*Work required*
Starting at the line below with "唐旻华上海市第五届中华杯咖啡制作项目二等奖" and stopping at the line with "David Fournier (Tampa", please print each line exactly, those two included, and skip every picture.

*Data in this exercise*
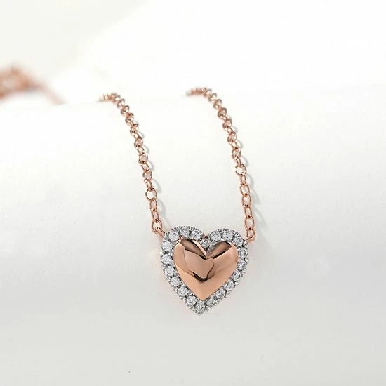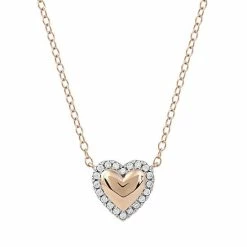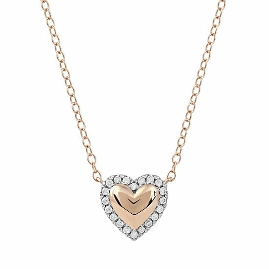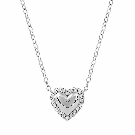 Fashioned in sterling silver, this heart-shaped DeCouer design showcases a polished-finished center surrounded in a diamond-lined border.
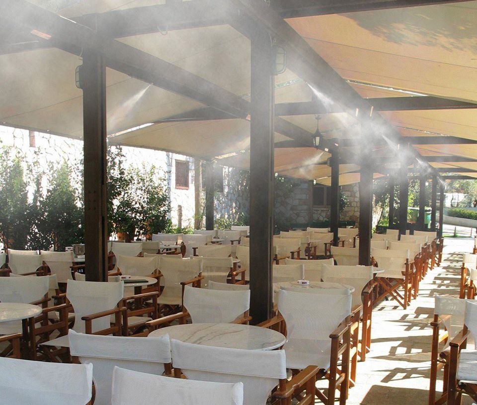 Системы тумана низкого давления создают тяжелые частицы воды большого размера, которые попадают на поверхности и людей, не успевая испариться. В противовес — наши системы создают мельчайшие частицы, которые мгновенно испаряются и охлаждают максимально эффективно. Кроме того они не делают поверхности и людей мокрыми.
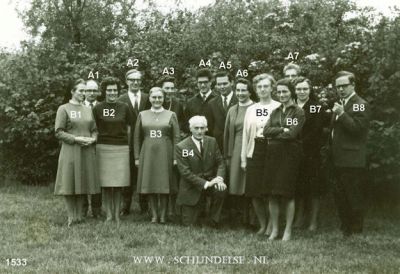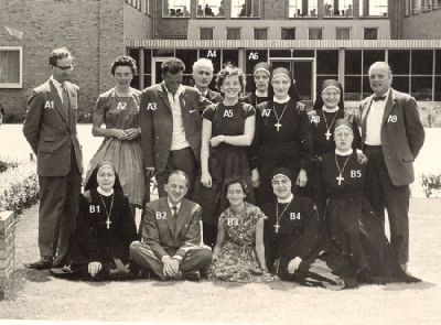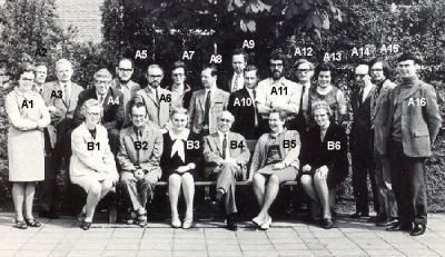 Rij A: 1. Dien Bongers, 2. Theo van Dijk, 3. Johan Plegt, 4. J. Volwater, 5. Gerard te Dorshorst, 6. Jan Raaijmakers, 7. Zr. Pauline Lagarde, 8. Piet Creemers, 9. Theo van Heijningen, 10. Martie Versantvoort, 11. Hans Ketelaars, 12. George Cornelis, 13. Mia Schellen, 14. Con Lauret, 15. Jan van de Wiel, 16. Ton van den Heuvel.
--
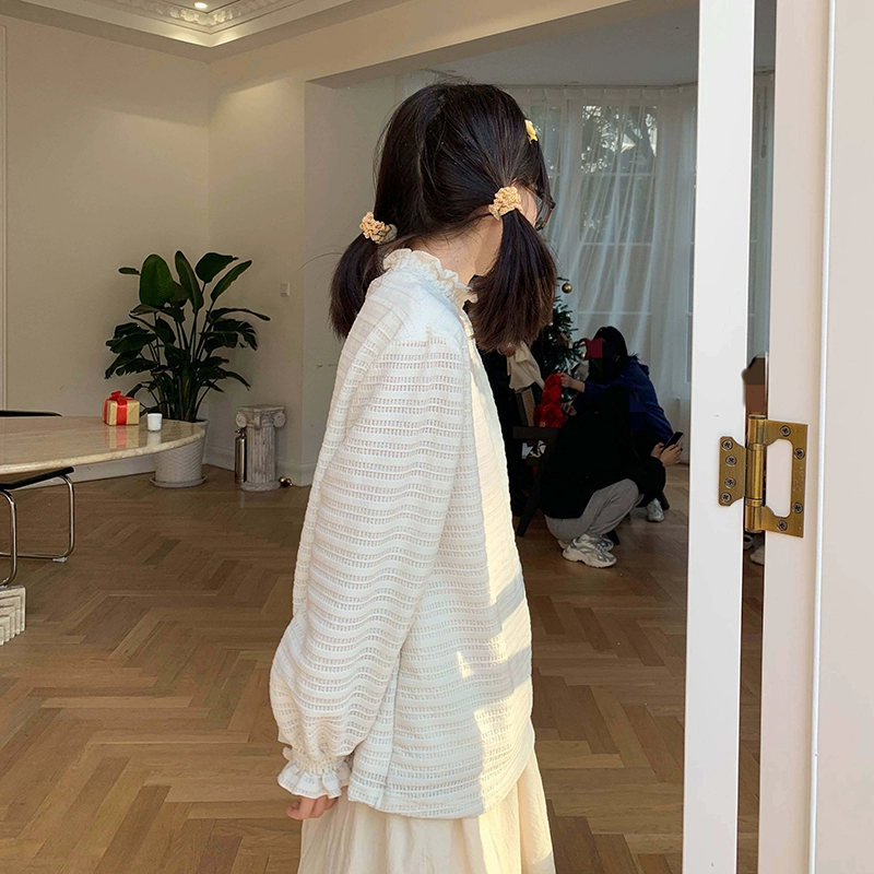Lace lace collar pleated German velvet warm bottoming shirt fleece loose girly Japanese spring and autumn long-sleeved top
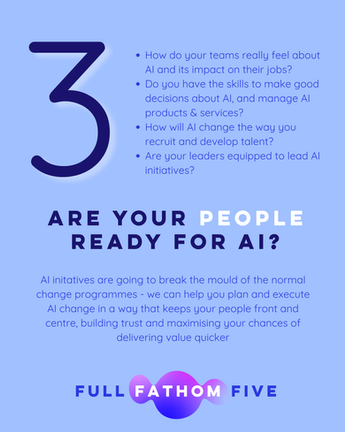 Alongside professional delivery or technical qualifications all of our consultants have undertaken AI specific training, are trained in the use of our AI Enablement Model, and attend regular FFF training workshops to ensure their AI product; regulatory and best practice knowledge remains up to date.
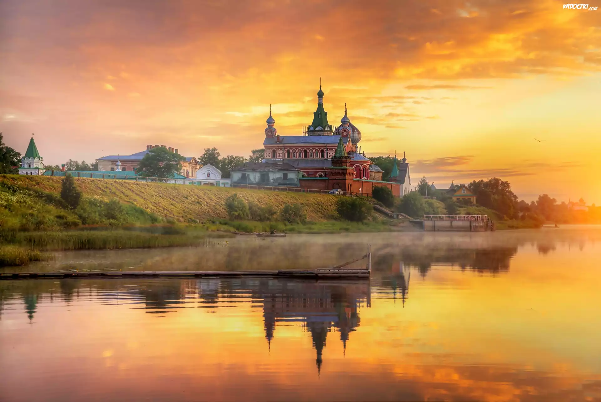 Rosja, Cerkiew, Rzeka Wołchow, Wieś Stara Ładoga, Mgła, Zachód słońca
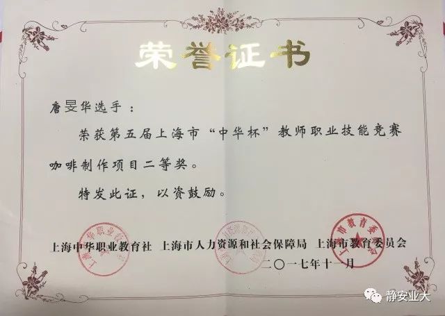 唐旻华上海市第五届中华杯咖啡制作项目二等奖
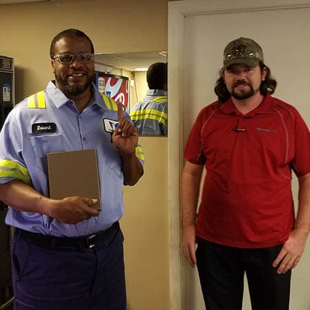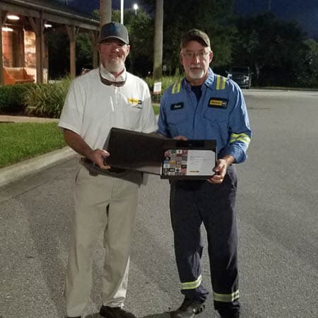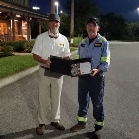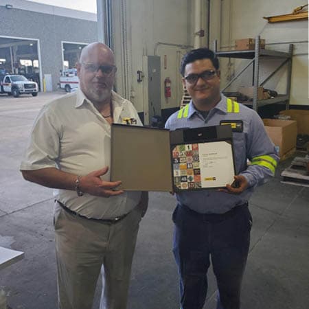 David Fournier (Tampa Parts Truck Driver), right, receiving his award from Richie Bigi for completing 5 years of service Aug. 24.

*Task result*
 唐旻华上海市第五届中华杯咖啡制作项目二等奖
 David Fournier (Tampa Parts Truck Driver), right, receiving his award from Richie Bigi for completing 5 years of service Aug. 24.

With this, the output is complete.